Different network protocols used in TK102 to transfer data over GPRS

All Xexun GPS tracker versions (TK102, TK102-1, TK103, TK106 and probably others), as well as all known clones of them, are using either TCP or UDP protocol . Here you’ll find which uses which and what are advantages and disadvantages of each.

Original Xexun trackers allows users to choose, whether they want to send data through GPRS using either TCP or UDP. If you own a bit better, more expensive clone, you’ll have device using only TCP protocol (better in some situations, see below), but without abillity to change it to UDP. If you have cheaper, crappy clone, UDP protocol will be the only option for you.


In general networking TCP protocol is considered as slower, but much better. It uses data correction algorithms and re-transmission of a lost packages. All data, when divided into TCP packets, is always re-ordered upon reception, at destination address, which means, that when some packet is lost and then re-transmitted or delayed from any other reason, destination device will wait for it and only present entire dataset to upper network layer, when it is received completely, reordered and verified. Providing these features requires adding extra data to each packet and doing some other extra work. This means, that data transmission is more secure (in terms of data lost, not in general security meaning), but is slower.

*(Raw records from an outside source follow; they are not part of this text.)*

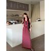 Kumikumi Pure Desire Style Stripe Lace-up Temperament Sling Dress Women Summer Waist Hugging Slimming A- line Skirt Long dress
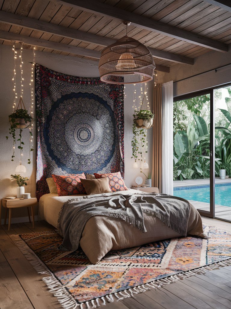 This boho-inspired bedroom is a serene retreat that feels like a private hideaway. The intricate tapestry, with its mesmerizing patterns and deep hues, adds an artistic and soulful touch, while the soft glow of fairy lights enhances the dreamy ambiance. Every detail in the space, from the rustic wooden ceiling to the woven pendant light, contributes to a warm and inviting atmosphere. The bed is layered with cozy blankets and textured pillows, creating the perfect spot to unwind. The sliding glass doors open to a stunning poolside view, seamlessly merging indoor comfort with outdoor tranquility. Whether for an afternoon nap or a restful night’s sleep, this bedroom offers the perfect blend of coziness and bohemian sophistication.
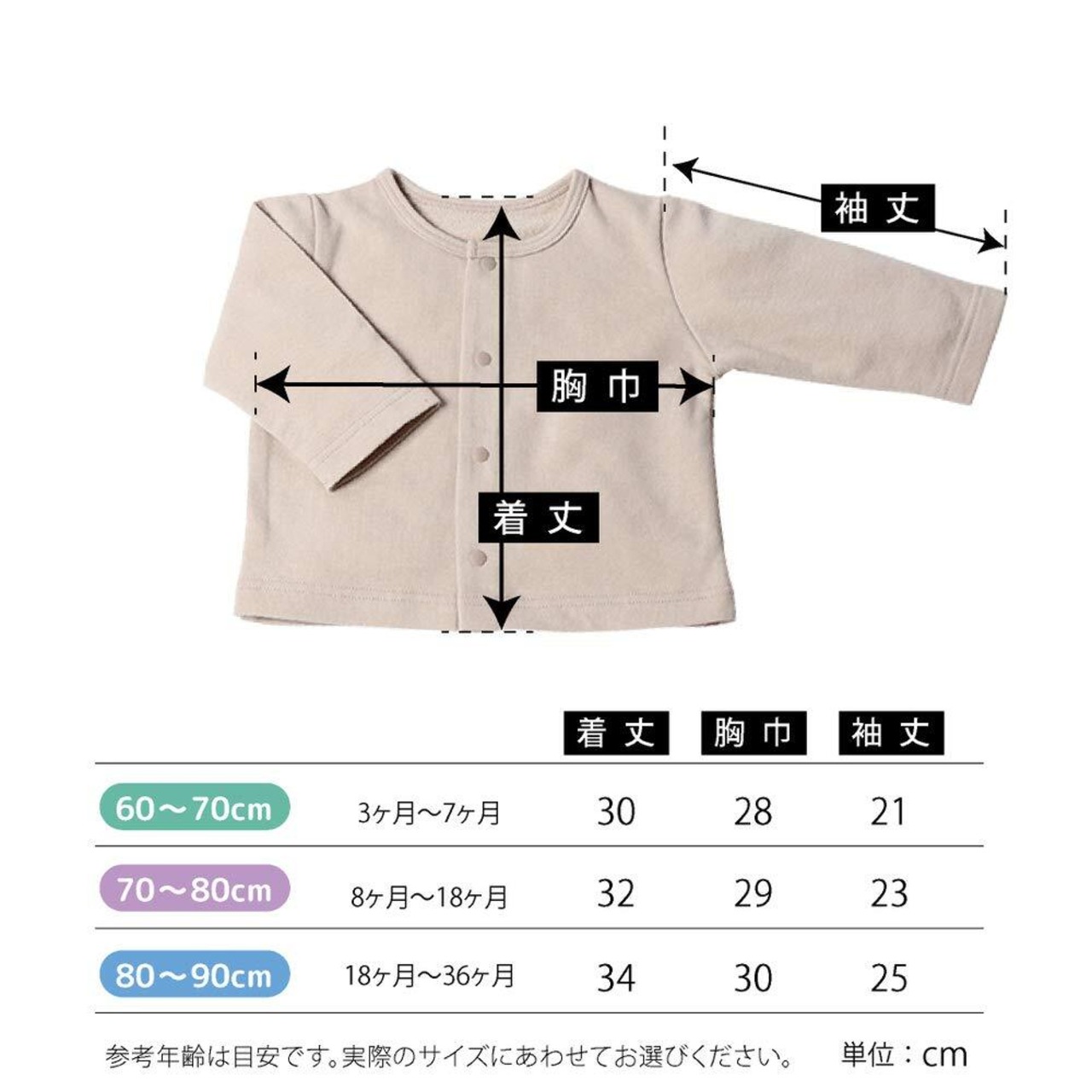 【サイズ】60~70㎝ 着丈30㎝ 身巾28㎝ 袖丈21㎝ 70~80㎝ 着丈32㎝ 身巾29㎝ 袖丈23㎝ 80~90㎝ 着丈34㎝ 身巾30㎝ 袖丈25㎝

On the other hand, UDP protocol hasn’t got most of what TCP has got. Packets are sent through different routes, so can be delayed or even lost. Upon reception they’re not re-ordered, there is no verification, that entire dataset was received or if packets are in correct order, which assures that data is not corrupted. Because of this, UDP packets are sent and received much faster, but provide much less data quality.

Developer vs. regular user

Because GPS location data is quite small, it is nearly always sent as singe packet and it is not divided into parts. This gives firmware developers possibility to choose cheaper and easier in implementation (less code) UDP protocol. For you, as a single user, all disadvantages of UDP protocol are also lesser or no problem at all. Since whole location data is sent as one UDP datagram, you don’t have to actually care about that un-order or packet lost problem. You’re most likely using some on-line service to track your localizer and don’t actually care, what is being transmited between it and that service, right?

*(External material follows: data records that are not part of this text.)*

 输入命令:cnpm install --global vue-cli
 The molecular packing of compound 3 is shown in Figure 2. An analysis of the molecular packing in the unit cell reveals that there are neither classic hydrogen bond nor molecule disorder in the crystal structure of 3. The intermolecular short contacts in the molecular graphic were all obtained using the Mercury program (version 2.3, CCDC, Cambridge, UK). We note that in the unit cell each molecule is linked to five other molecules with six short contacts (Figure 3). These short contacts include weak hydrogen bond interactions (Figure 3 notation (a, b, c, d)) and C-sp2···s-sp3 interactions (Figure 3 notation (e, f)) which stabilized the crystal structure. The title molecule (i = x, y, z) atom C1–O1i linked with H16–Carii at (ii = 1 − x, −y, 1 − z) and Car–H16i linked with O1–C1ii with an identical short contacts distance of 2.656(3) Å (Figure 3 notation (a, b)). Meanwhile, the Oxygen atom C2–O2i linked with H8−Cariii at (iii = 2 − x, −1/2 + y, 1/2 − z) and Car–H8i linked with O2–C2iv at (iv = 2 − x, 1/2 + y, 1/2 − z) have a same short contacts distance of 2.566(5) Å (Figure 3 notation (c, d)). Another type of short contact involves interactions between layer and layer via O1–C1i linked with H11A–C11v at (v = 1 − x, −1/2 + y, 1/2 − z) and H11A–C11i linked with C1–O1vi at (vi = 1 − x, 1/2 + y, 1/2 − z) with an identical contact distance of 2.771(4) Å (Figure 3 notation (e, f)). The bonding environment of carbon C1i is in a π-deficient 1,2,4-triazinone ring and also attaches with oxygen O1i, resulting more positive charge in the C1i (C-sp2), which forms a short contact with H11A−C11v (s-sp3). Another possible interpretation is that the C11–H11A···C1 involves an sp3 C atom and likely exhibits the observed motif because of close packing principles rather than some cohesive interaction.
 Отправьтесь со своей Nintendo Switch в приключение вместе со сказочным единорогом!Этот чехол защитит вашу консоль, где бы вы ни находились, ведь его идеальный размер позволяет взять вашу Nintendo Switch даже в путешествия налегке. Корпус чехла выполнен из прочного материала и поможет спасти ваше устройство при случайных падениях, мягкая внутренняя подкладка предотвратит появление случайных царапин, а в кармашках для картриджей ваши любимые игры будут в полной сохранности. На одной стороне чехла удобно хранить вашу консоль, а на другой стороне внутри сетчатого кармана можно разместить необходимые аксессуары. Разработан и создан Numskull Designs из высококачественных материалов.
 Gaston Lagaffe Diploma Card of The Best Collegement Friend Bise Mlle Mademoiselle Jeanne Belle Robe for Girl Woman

However, if you’re a developer, having device that uses UDP only could turn into a real nightmare. These packets are harder to trace, harder to code upon reception and harder to debug, in case of any problems. There is even a larger group of developers, which skill will simply forbit them to write a code for you. As writing some TCP listener is quite easier to do, then to code some UDP listener.


If you are a developer and have any option to choose, always buy original Xexun devices or only those, where you’re 100% sure that you have TCP protocol at your service. Always avoid UDP-only cheap clones. The same goes, when buying or programming any other vendor-specific GPS localizer.

BTW: For Xexun family, TK102-2, TK103 and TK106 are reported (not confirmed by me, though) to support command GPRSMODEpassword n to switch between TCP and UDP protocol. If you’re using default (123456) password, send SMS with GPRSMODE123456 1 to switch your localizer to UDP protocol mode and GPRSMODE123456 0 to bring it back to default TCP protocol.